Mr. MCGINNIS. I would just like to comment on it briefly. Constitutional federalism cannot only be a matter of prudence. That is illustrated by difficulty with our structure now, because the States really do not have any protections other than at the discretion of Congress, and that in a political sense deprives the States of their few defenses. It makes government bigger because interest groups can always come to the Federal Government and essentially nationalize debates and issues, and that is a problem.

The Framers' Constitution did not make federalism a matter of sufferance of the Federal Government, because they would understand if it is not a matter of sufferance the Federal Government would be where the presumption of action always would tend. It would tend to the people who have the most power.

It is my sense in looking at the Constitution that these matters were not really settled by Alexander Hamilton or John Marshall but much more by the New Deal court, which largely eviscerated all of the enumerated powers. Before that, there was not the plenary spending authority and plenary regulatory authority in the Federal Government, which we essentially have today.

Without some lines, and I have tried to suggest a new way of drawing lines in my testimony, I think you do not have the constitutional restrictions on government which the Framers thought you needed to make the competition work, because they understood that competition will not work if you have one side saying what the rules are, one side both the umpire and the competitor. That is not competition. So that is why I think you need to revive, as Governor Leavitt said, an enforceable federalism.

Chairman THOMPSON. The strength of the National Government, I think, to me, is evidenced by the fact that some of the people pushing in favor of nationalizing some of these rules are normal critics of the Federal Government, and many in the business community in this area because it is much easier to do business under one rule. They look at all these issues in terms of that, what is easier to do business, and it would be. But it goes directly against, many times, in my opinion, concepts of federalism, which you would ordinarily expect them to be supportive of.

Senator Lieberman.

Senator LIEBERMAN. Thanks, Mr. Chairman. That is a good point.

Thanks to Professor Galston and Professor McGinnis for their very thoughtful papers, and thanks to you, Mr. Chairman, for calling them. Professor Galston is someone I have known for a long time. He bears the burden of having spent much of his earlier life in Connecticut. I am pleased to say that his parents are still my constituents, and I have benefited greatly from his work over the years, though, as they say in the preface to the book, I do not hold him accountable for anything I have done with the ideas that he has written.
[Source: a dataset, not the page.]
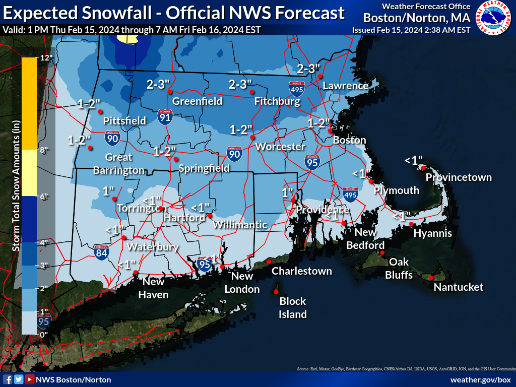 Good morning, We are writing to inform you that a *Wind Advisory* has been issued for much of central and western Massachusetts, including Cape Cod and the Islands (Nantucket, Martha's Vineyard, and Block Island). This advisory is effective from late Thursday night through early Friday afternoon. Please be aware that if confidence in the forecast continues to increase, the advisory area could expand during the next forecast issuance. The primary concern is strong westerly gusts 50 to 55 mph. In addition, overnight, a minor clipper system is expected to bring a quick hit of snow. Accumulations ranging from a light dusting to 3 inches are possible, with certain areas in the Berkshires potentially seeing localized amounts reaching 4 inches.For further details, please refer to the attached image. The next briefing is expected to be issued no later than 6 p.m. this afternoon. Thank you, Torry Dooley & Kevin Cadima If you have any questions or would like more information, please don't hesitate to contact us. You can reach us via: email: box.operations@noaa.gov phone: 508.622.3280 Slack/NWSChat 2.0 <https://nwschatws.slack.com/> (for approved partners) social media: Website <http://www.weather.gov/boston> | Facebook <http://www.facebook.com/NWSBoston> | Twitter <http://www.twitter.com/NWSBoston>

Professor McGinnis, I am becoming familiar with your work and I respect it greatly. Of course, you came to all of our attention as one of those commentators during the recently concluded national

Mr. MCGINNIS. This is a much happier experience, Senator. Senator LIEBERMAN. That is exactly what I was going to say. It is much more pleasant for you to return to constitutional concepts of federalism.

I thought that Professor Galston made an interesting point in his statement, which is that over our history, one of the reasons why the Federal Government's power has grown is, ironically, to protect the freedom of the individual, the equality of the individual, which was, after all, the original motivating force of our founding documents, certainly the Declaration of Independence right of each individual to life, liberty, and the pursuit of happiness. So it is ironic, in a sense, that we have the big Federal Government having entered, particularly in matters of civil rights, to protect the rights of individuals.

I wanted to ask you, Professor McGinnis, just to give me your reaction to that, and then to ask Professor Galston, and perhaps you, too, to comment on the point that he makes in one of his four final recommendations, which is that the discharge of this obligation, that is, the obligation to protect the rights of individual citizens, will not always be consistent with the preferences of other actors in the Federal system.

Mr. MCGINNIS. Well, Senator, I certainly agree with the point that civil rights have been a crucial addition to our Federal system. Surely even regulatory federalism as I described it could not work for people who could not move from their States, who could not send their capital from their States, and so the Fourteenth and the Fifteenth Amendment were crucial completions to even a system of regulatory federalism. But they went beyond that in giving responsibility to the Federal Government to enforce rights.

I think that system has generally served us well. My own testimony, as you will note, did not call for what actually some people who favor more federalism are in favor of namely doing away with the incorporation doctrine, for instance, of the Fourteenth Amendment.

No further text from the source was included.